An Empirical Evaluation of Density-Based Clustering Techniques
Glory H. Shah1, C. K. Bhensdadia2, Amit P. Ganatra3

1Glory H. Shah, Computer Engineering at Dhramsinh Desai University, Nadiad and Assistant Professor at Charotar University of Science Technology (CHARUSAT), Education Campus, Changa, Gujarat, India.
2C. K. Bhensdadia, Professor & Head at Department of Computer Engineering, Faculty of Technology, Dharmsinh Desai University, Nadiad, Gujarat, India.
2Amit P. Ganatra, Associate Professor at Charotar University of Science Technology (CHARUSAT), Education Campus, Changa, Gujarat, India.

Manuscript received on February 15, 2012. | Revised Manuscript received on February 20, 2012. | Manuscript published on March 05, 2012. | PP: 216-223 | Volume-2 Issue-1, March 2012. | Retrieval Number: A0418022112 /2012©BEIESP
Open Access | Ethics and Policies | Cite 
© The Authors. Published By: Blue Eyes Intelligence Engineering and Sciences Publication (BEIESP). This is an open access article under the CC BY-NC-ND license (http://creativecommons.org/licenses/by-nc-nd/4.0/)

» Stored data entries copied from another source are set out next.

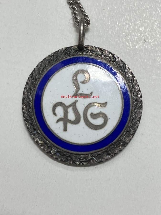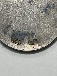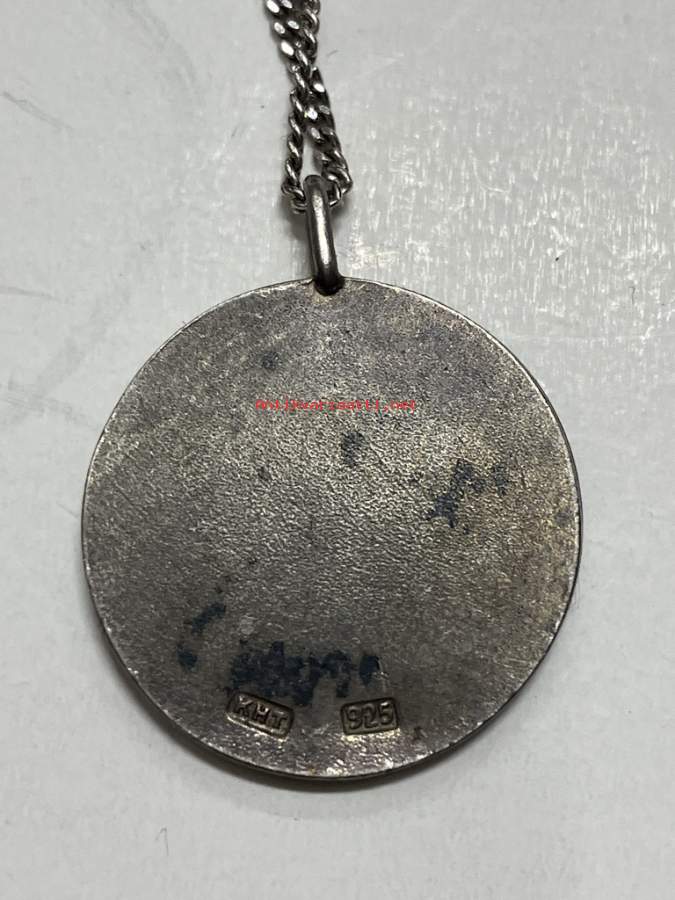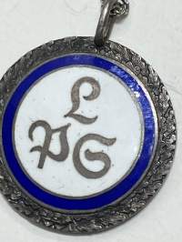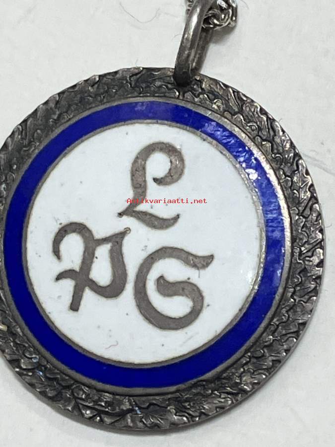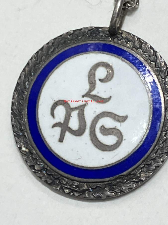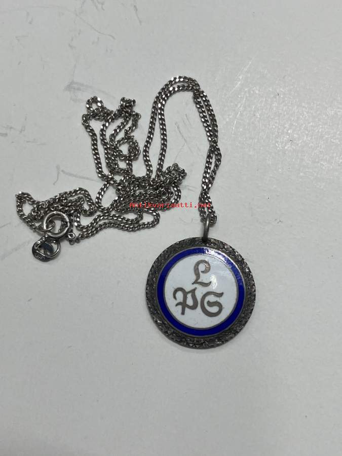 Lahden Pursiseura -riipus emaloitu, runko 925 leimattua hopeaa, myös ketju leimattu 925
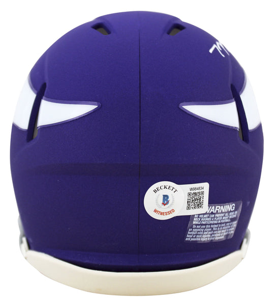 This Autographed 2023 On Field Alternate Purple Speed Mini Helmet has been Personally Signed by T.J. Hockenson of the Minnesota Vikings. This item is 100% Authentic to include a hologram by Beckett Authentication Services. This item will come with an affixed Beckett Authentication Services (BAS) authentication sticker, which includes a scannable QR code to verify authenticity. Please note that Beckett no longer provides serial-numbered COA cards, and the attached BAS sticker will serve as the complete authentication for this item. This is a BAS Witnessed Protection Program item which means a Beckett Authentication Service representative was present when this item was being signed. We conducted an autograph signing with T.J. Hockenson where multiples of the same item were signed. While the photographs are representative of this item, the size, placement and strength of the signature may vary. Each item is hand signed, therefore, each autograph is unique. This item can be verified through BAS Witnessed.
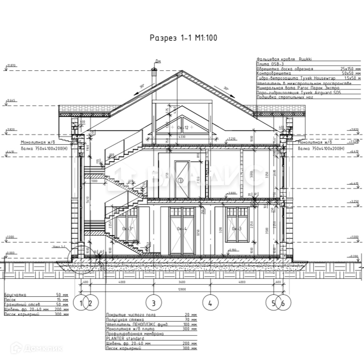 Фундамент монолитная плита 300 мм, стены из газобетона толщиной 400 мм с наружным утеплением, оштукатурены и окрашены, монолитные межэтажные перекрытие 200 мм, окна немецкие SCHUCO, фасад штукатурка, выполнена мягкая кровля - CATEPAL.
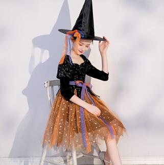 黒のキラキラトップスとオレンジのチュールスカートが可愛い本格的なデザイン。
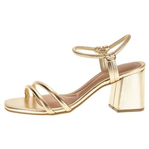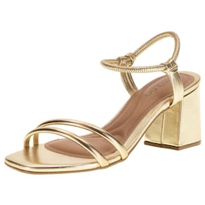 A Sandália Feminina Salto Grosso Beira Rio é confeccionada em material metalizado com tira pronta, acabamento em costura, palmilha em PU e solado em borracha com salto bloco de oito centímetros aproximadamente.
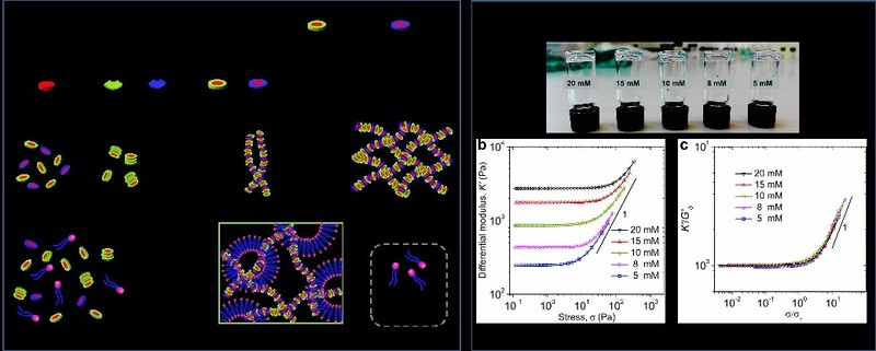 生物组织是由蛋白质砌块组装得到的半柔性(Semiflexible)生物微丝交织而成的三维网络结构,在应对外界机械力的刺激时,会表现出独特的应变增强特性(Strain-stiffening),以保护机体免受外界应力的伤害。长期以来,人们利用小分子砌块,通过超分子组装的方式,制备出了一系列类似生物组织的超分子水凝胶材料,并在生物医药、仿生、光电等领域表现出巨大的应用前景。然而,生物组织所表现出的应变增强特性在人工合成型超分子水凝胶材料中极其罕见。
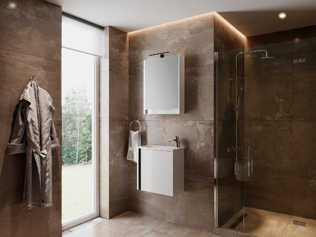 - designová zrcadlová skříňka s LED osvětlením
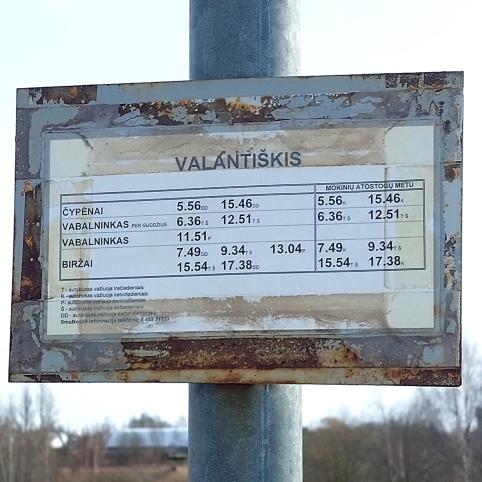 Į redakciją kreipėsi Biržų miesto gyventoja, kuri piktinosi, jog prie Biržų miesto esančioje Valantiškio kaimo autobusų stotelėje prikabinta lentelė su grafiku yra klaidinga – laikas neatitinka, o kitoje kelio pusėje prie stotelės išvis nėra jokios lentelės, kurioje būtų užrašyta, kada važiuoja autobusai. Biržų autobusų parko direktorius Marius Šernas patikino, kad naujasis grafikas buvo nuplėštas, o artimiausiu metu, senos lentelės bus pakeistos naujomis.
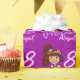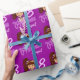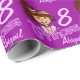 Papier d'emballage d'anniversaire dans le pourpre avec une fille mignonne de princesse de cheveux foncés portant une conception de diadème. Personnalisez ce document d'anniversaire de girlie avec votre propres nom et âge. Lit actuellement princesse Abigaïl 8. parfaite pour envelopper un huitième cadeau d'anniversaire spécial. Uniquement conçu par Sarah Trett.
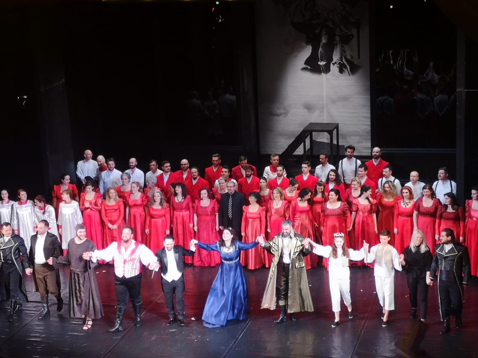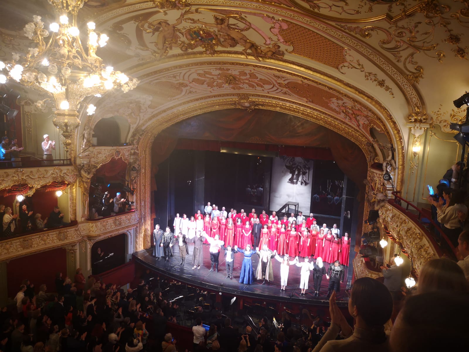 Am fost martorii unor interpretări impecabile și foarte emoționante, Cellia Costea, cu vocea ei care irizează aur, Ștefan cu felul de a fi atât de sincer și natural și cu strălucirea sclipitoare a acutelor din care nu dispare niciodată căldura și George, care a fost un Scarpia fără cusur, care te face să dai personajului circumstanțe atenuante (hahaaaa) deși am descoperit după cortină un tânăr domn răcit bocnă… Bine, circumstanțele le-a creat Cellia cu frumusețea ei și toți împreună cu o chimie formidabilă despre care scriam mai sus!… Ei ne-au dăruit un spectacol de o calitate demnă de cele mai mari scene din lume și nu e de mirare, Ștefan a debutat în rolul lui Mario Cavaradossi în 2022 la ROH Covent Garden din Londra, la Iași a venit după o Boema la Trondheim (Norvegia) și pleacă în Japonia, o destinație din ce în ce mai des onorată. Cellia este atât de iubită la Iași (în sfârșit, și-a dorit atât de mult să cânte aici, la câțiva kilometri de casa ei din România, dar parcă pârgul vocii ei bogate în armonice nu se putea împlini mai bine în altă parte decât în casa cealaltă, la Opera Națională din Atena…) Felicitări, dragii noștri, tuturor, ansamblul este atât de sigur pe partitură și a funcționat perfect sub bagheta lui Daniel Jinga, i-am apreciat mult pe toți, Octavin Ionescu în Sacristan, Daniel Mateianu în Angelotti, Ovidiu Manolache în Spoletta, Victor Zaharia și Petru Pavel în Temnicer, respectiv Roberti și am lăsat la final debutul foarte bun al lui Marius Mădălin Munteanu în Sciarrone. Roluri mici, dar onorate frumos, ca și corul pregătit de Manuel Giugula. Iar copii creează momentele lor de mare gingășie sub bagheta Ralucăi Zaharia, profesionalism, precizie și farmec în fiecare părticică de spectacol! Și ce minunați sunt cei doi păstori de-o șchioapă, Sofia Elena Neacșu și Lorenzo Marian Moise! Un mare bravo și mulțumiri ONRI!
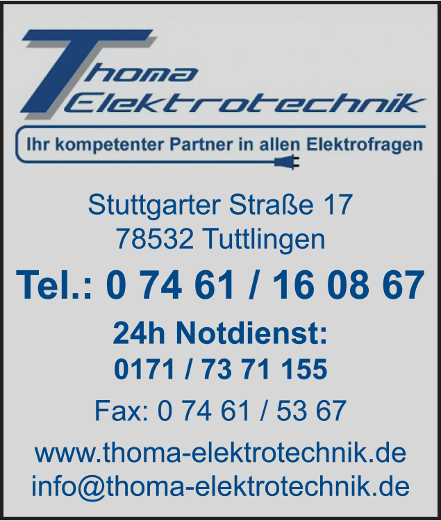 Die Adresse von Thoma - Elektrotechnik lautet: Stuttgarter Str. 17, 78532 Tuttlingen
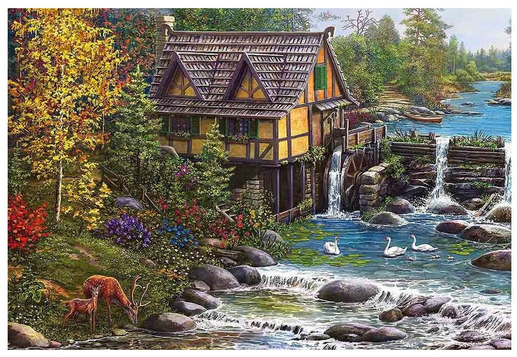 Сервис сравнения цен СкидкаГИД предлагает сравнить цены на товар «TOPpuzzle-500 "Водяная мельница" (ХТП500-4229) Рыжий кот»
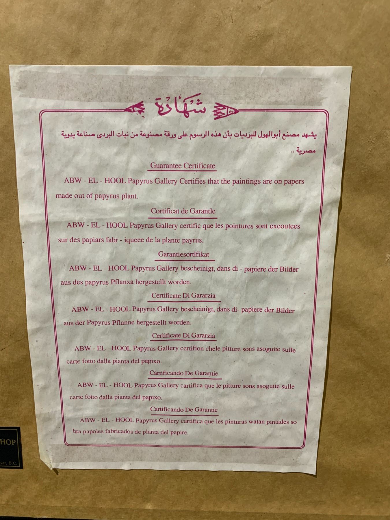 FRAMED EGYPTIAN STYLE PAPYRUS

Abstract: Emergence of modern techniques for scientific data collection has resulted in large scale accumulation of data pertaining to diverse fields. Conventional database querying methods are inadequate to extract useful information from huge data banks. Cluster analysis is one of the major data analysis methods. It is the art of detecting groups of similar objects in large data sets without having specified groups by means of explicit features. The problem of detecting clusters of points is challenging when the clusters are of different size, density and shape. The development of clustering algorithms has received a lot of attention in the last few years and many new clustering algorithms have been proposed. This paper gives a survey of density based clustering algorithms. DBSCAN [15] is a base algorithm for density based clustering techniques. One of the advantages of using these techniques is that method does not require the number of clusters to be given a prior nor do they make any kind of assumption concerning the density or the variance within the clusters that may exist in the data set. It can detect the clusters of different shapes and sizes from large amount of data which contains noise and outliers. OPTICS [14] on the other hand does not produce a clustering of a data set explicitly, but instead creates an augmented ordering of the database representing its density based clustering structure. This paper shows the comparison of two density based clustering methods i.e. DBSCAN [15] & OPTICS [14] based on essential parameters such as distance type, noise ratio as well as run time of simulations performed as well as number of clusters formed needed for a good clustering algorithm. We analyze the algorithms in terms of the parameters essential for creating meaningful clusters. Both the algorithms are tested using synthetic data sets for low as well as high dimensional data sets.

Keywords: DBSCAN, OPTICS, DENCLUE, Spatial Data, Intra Cluster, Inter Cluster.